> **Brief**
Your answer must be the records below repeated word for word, with no pictures in it.

> **Supplied records**
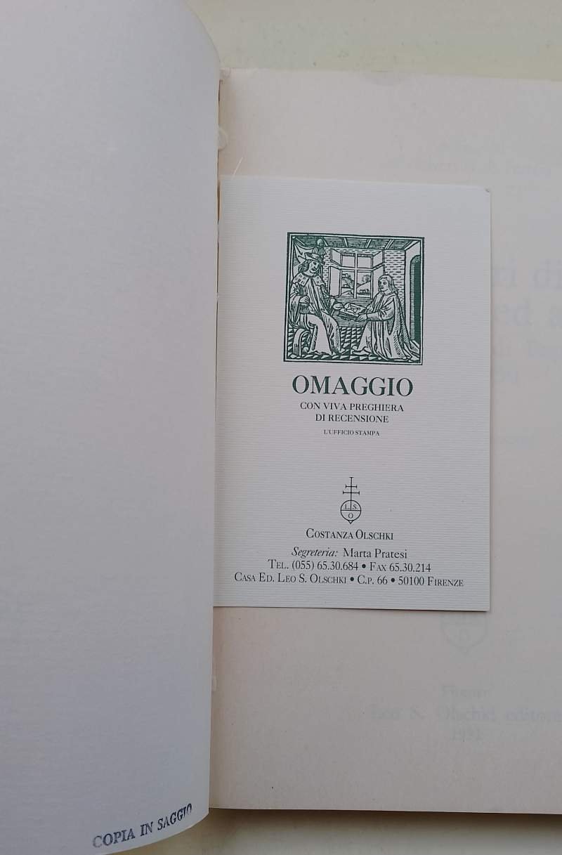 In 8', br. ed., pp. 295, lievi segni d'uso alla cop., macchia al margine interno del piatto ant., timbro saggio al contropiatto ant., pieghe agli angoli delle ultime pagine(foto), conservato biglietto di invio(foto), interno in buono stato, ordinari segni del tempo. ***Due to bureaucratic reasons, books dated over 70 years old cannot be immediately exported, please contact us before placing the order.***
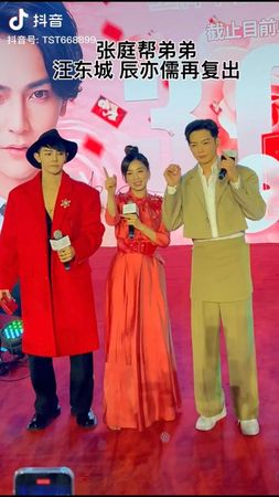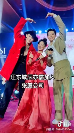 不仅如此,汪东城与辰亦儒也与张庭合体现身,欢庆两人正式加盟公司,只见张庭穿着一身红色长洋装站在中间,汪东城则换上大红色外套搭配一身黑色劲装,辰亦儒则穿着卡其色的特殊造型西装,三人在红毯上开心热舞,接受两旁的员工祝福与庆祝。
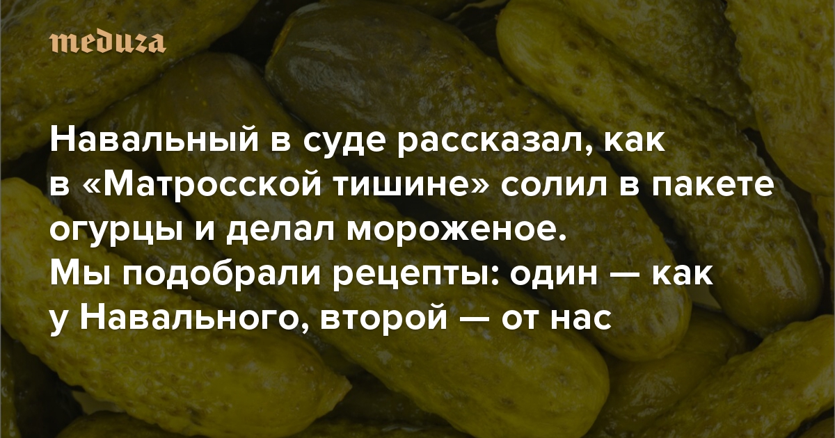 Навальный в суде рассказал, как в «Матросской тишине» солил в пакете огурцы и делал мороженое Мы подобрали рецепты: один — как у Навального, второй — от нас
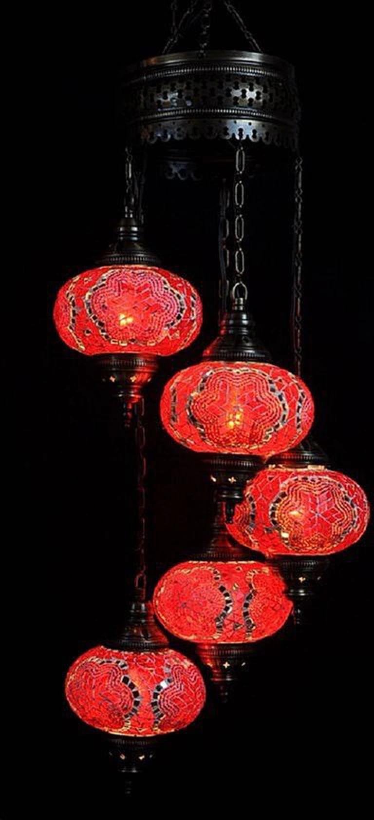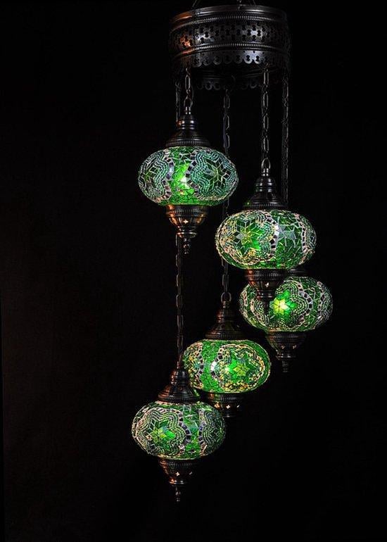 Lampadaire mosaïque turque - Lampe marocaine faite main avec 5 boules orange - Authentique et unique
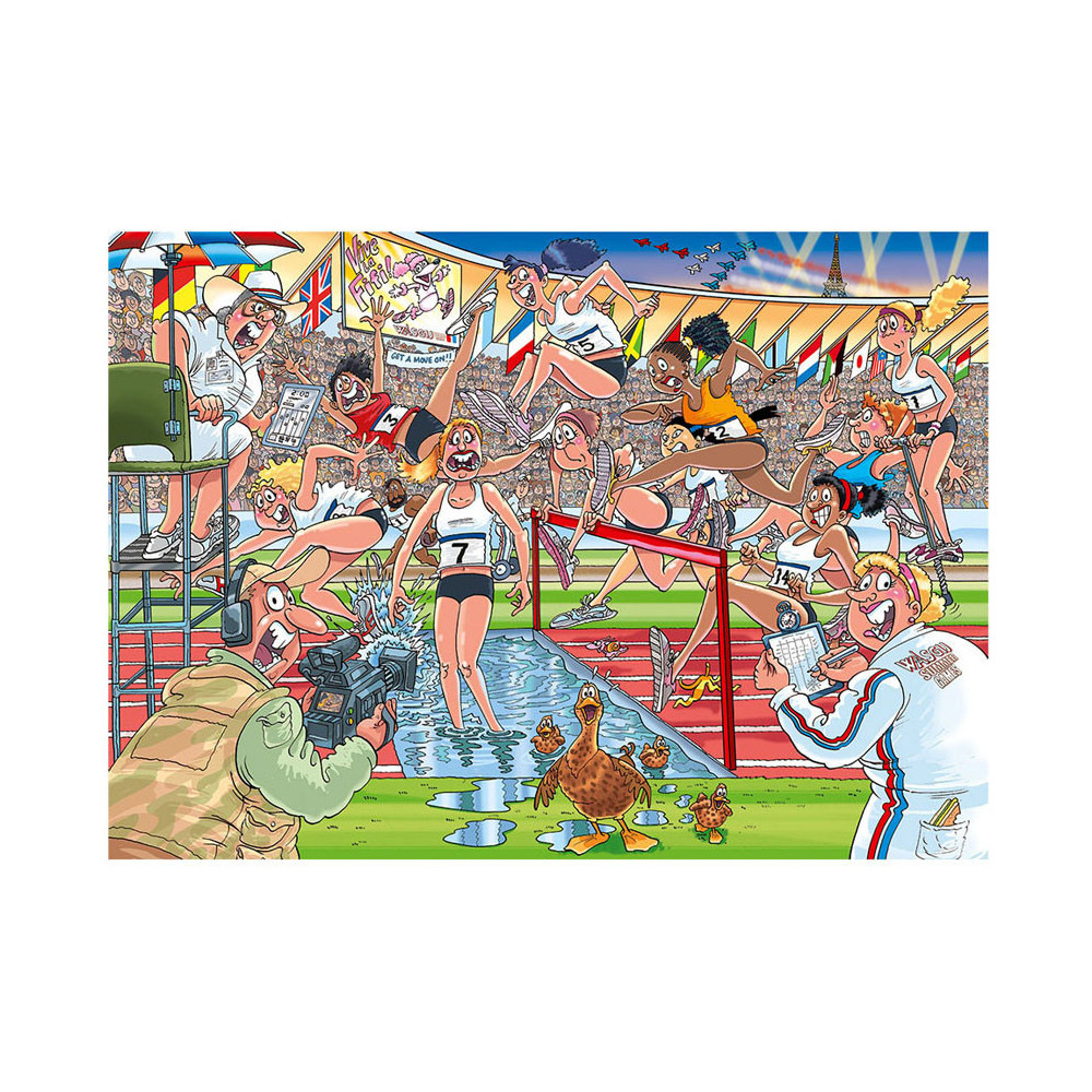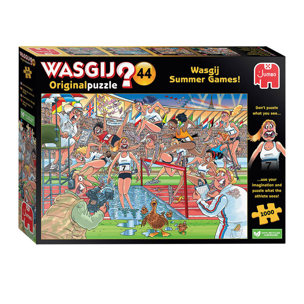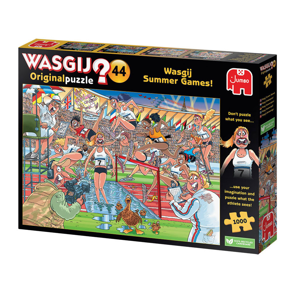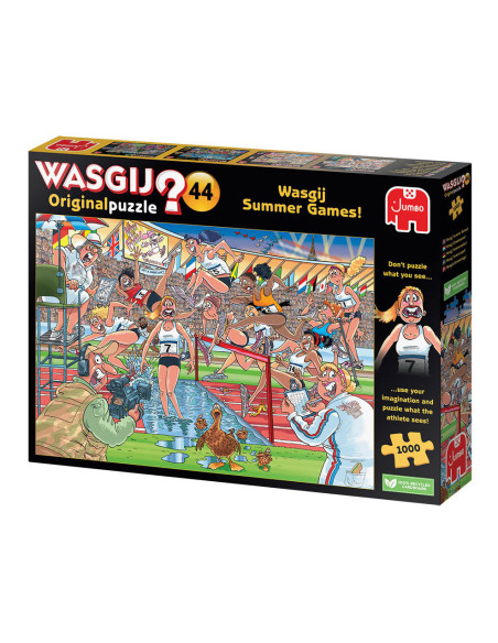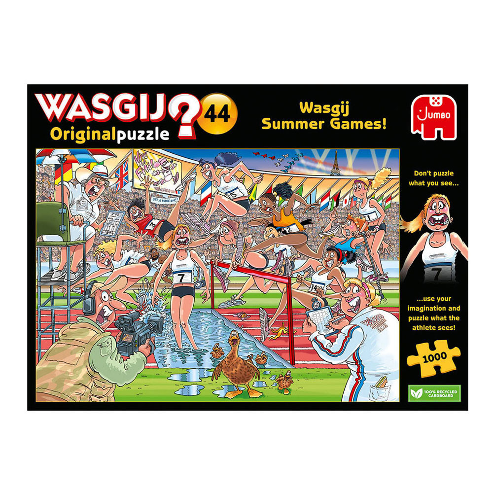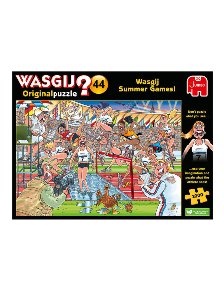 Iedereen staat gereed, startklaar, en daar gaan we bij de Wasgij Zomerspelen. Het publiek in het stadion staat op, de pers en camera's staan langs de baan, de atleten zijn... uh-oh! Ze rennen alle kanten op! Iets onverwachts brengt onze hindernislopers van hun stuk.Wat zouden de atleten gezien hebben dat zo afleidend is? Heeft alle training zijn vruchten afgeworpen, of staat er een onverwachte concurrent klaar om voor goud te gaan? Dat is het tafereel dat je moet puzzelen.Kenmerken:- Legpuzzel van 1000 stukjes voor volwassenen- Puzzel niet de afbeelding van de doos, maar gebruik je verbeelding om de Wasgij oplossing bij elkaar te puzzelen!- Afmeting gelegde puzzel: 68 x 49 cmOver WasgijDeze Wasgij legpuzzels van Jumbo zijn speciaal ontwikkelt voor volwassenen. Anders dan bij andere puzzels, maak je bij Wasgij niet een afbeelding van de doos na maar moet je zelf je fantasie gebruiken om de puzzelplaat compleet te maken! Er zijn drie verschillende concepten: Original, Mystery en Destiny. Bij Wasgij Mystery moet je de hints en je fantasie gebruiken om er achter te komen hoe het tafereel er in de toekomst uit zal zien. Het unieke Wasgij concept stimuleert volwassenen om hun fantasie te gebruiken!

> **Final answer**
 In 8', br. ed., pp. 295, lievi segni d'uso alla cop., macchia al margine interno del piatto ant., timbro saggio al contropiatto ant., pieghe agli angoli delle ultime pagine(foto), conservato biglietto di invio(foto), interno in buono stato, ordinari segni del tempo. ***Due to bureaucratic reasons, books dated over 70 years old cannot be immediately exported, please contact us before placing the order.***
 不仅如此,汪东城与辰亦儒也与张庭合体现身,欢庆两人正式加盟公司,只见张庭穿着一身红色长洋装站在中间,汪东城则换上大红色外套搭配一身黑色劲装,辰亦儒则穿着卡其色的特殊造型西装,三人在红毯上开心热舞,接受两旁的员工祝福与庆祝。
 Навальный в суде рассказал, как в «Матросской тишине» солил в пакете огурцы и делал мороженое Мы подобрали рецепты: один — как у Навального, второй — от нас
 Lampadaire mosaïque turque - Lampe marocaine faite main avec 5 boules orange - Authentique et unique
 Iedereen staat gereed, startklaar, en daar gaan we bij de Wasgij Zomerspelen. Het publiek in het stadion staat op, de pers en camera's staan langs de baan, de atleten zijn... uh-oh! Ze rennen alle kanten op! Iets onverwachts brengt onze hindernislopers van hun stuk.Wat zouden de atleten gezien hebben dat zo afleidend is? Heeft alle training zijn vruchten afgeworpen, of staat er een onverwachte concurrent klaar om voor goud te gaan? Dat is het tafereel dat je moet puzzelen.Kenmerken:- Legpuzzel van 1000 stukjes voor volwassenen- Puzzel niet de afbeelding van de doos, maar gebruik je verbeelding om de Wasgij oplossing bij elkaar te puzzelen!- Afmeting gelegde puzzel: 68 x 49 cmOver WasgijDeze Wasgij legpuzzels van Jumbo zijn speciaal ontwikkelt voor volwassenen. Anders dan bij andere puzzels, maak je bij Wasgij niet een afbeelding van de doos na maar moet je zelf je fantasie gebruiken om de puzzelplaat compleet te maken! Er zijn drie verschillende concepten: Original, Mystery en Destiny. Bij Wasgij Mystery moet je de hints en je fantasie gebruiken om er achter te komen hoe het tafereel er in de toekomst uit zal zien. Het unieke Wasgij concept stimuleert volwassenen om hun fantasie te gebruiken!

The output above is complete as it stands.